Open philrz opened this issue 8 months ago • 0 comments

Many SQL databases have the concept of a numeric "row identifier" that is always available on persistent tables as a pseudo/hidden column. It comes with caveats so it may not be a priority for SuperDB to support it, but may be worth consideration since some SQL users may be accustomed to having it available.

Details

At the time this issue is being opened, super is at commit cabf51f.

The concept of a "ROWID Pseudocolumn" was allegedly first introduced by Oracle. It's present in other popular open source SQL implementations such as DuckDB, where I happened to bump into it in one of their sqllogictests.
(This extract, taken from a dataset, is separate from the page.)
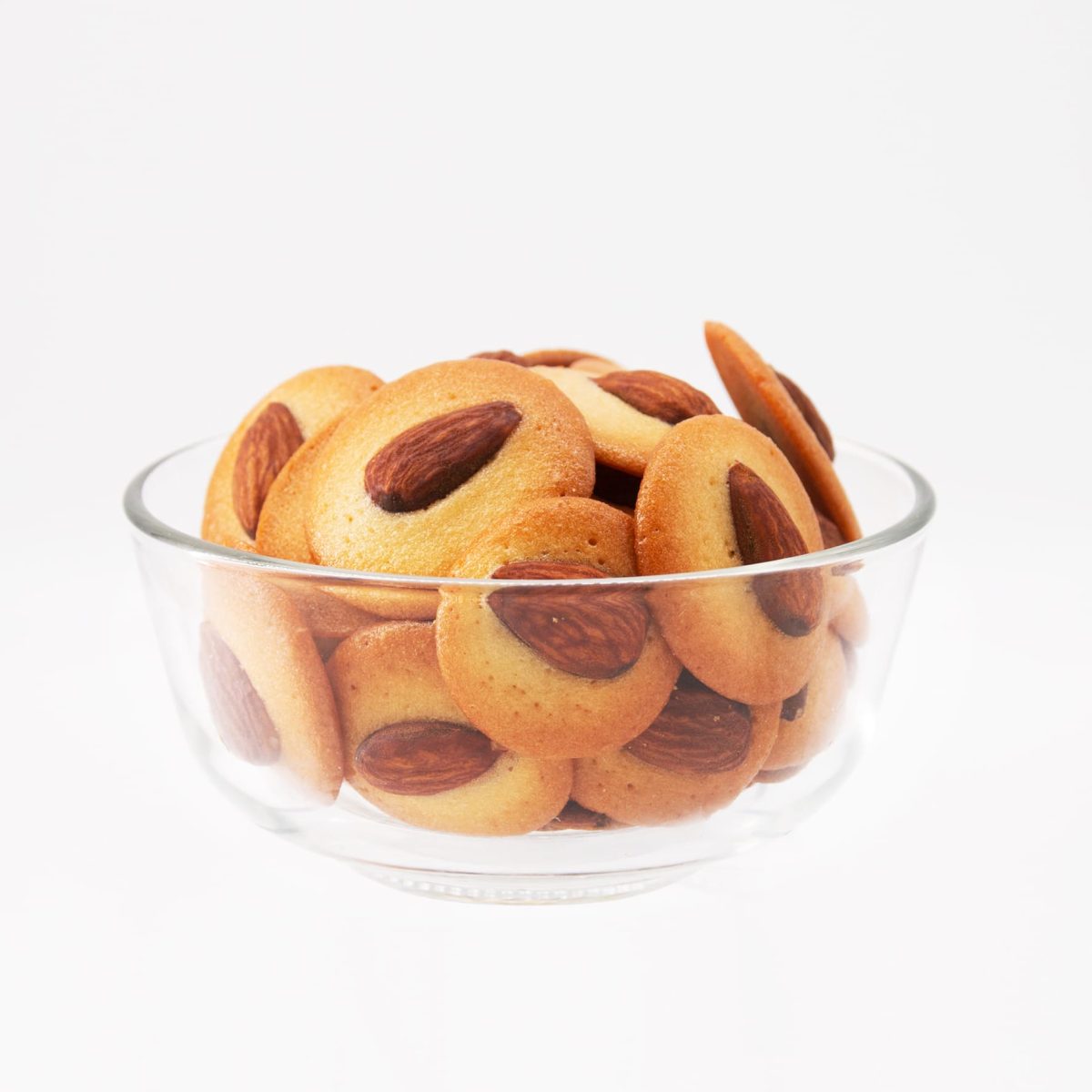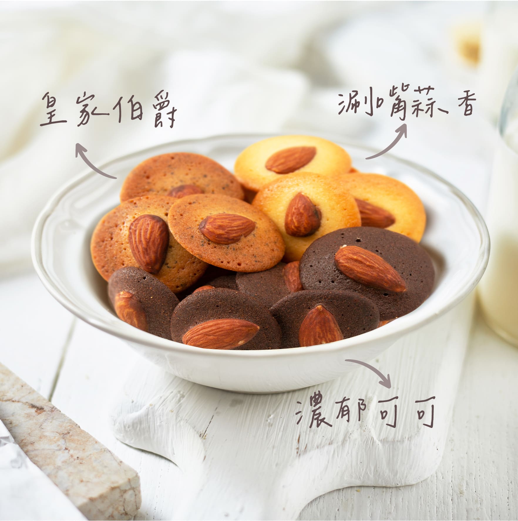 成分:加州杏仁、蛋白、法國無鹽發酵奶油(乳脂、乳酸菌)、小麥麵粉、砂糖、香蒜粉(蒜頭)、岩鹽

Starting with input data.csv:

a
"foo"
"bar"
"baz"

The value is available in DuckDB as rowid. Even as the row order changes, the value is stable within the transaction.

$ duckdb my.db
DuckDB v1.3.0 (Ossivalis) 71c5c07cdd
Enter ".help" for usage hints.

D CREATE TABLE foo AS SELECT * FROM read_csv('data.csv');

D SELECT rowid,a FROM foo;
┌───────┬─────────┐
│ rowid │    a    │
│ int64 │ varchar │
├───────┼─────────┤
│     0 │ foo     │
│     1 │ bar     │
│     2 │ baz     │
└───────┴─────────┘

D SELECT rowid,a FROM foo ORDER BY a;;
┌───────┬─────────┐
│ rowid │    a    │
│ int64 │ varchar │
├───────┼─────────┤
│     1 │ bar     │
│     2 │ baz     │
│     0 │ foo     │
└───────┴─────────┘

Note however that it's only available on persistent tables. E.g., this doesn't work when querying directly from a CSV file.

$ duckdb -c "SELECT rowid,a FROM 'data.csv';"
Binder Error:
Referenced column "rowid" not found in FROM clause!
Candidate bindings: "a"

LINE 1: SELECT rowid,a FROM 'data.csv';
               ^

Something similar is available in Postgres, but there's it's called ctid. Note that their numbering happens to start from 1 while DuckDB's started from 0. SQL be SQLin'!

$ psql postgres
psql (17.5 (Homebrew))
Type "help" for help.

postgres=# SELECT ctid,a FROM foo;
 ctid  |  a  
-------+-----
 (0,1) | foo
 (0,2) | bar
 (0,3) | baz
(3 rows)

postgres=# SELECT ctid,a FROM foo ORDER BY foo;
 ctid  |  a  
-------+-----
 (0,2) | bar
 (0,3) | baz
 (0,1) | foo
(3 rows)

The docs for all these systems advise against treating it like a primary key since it can change due to operations like INSERT, DELETE, and VACUUM. But no doubt for simple load & query operations it could be quite handy.

Jun 17 '25 20:06 philrz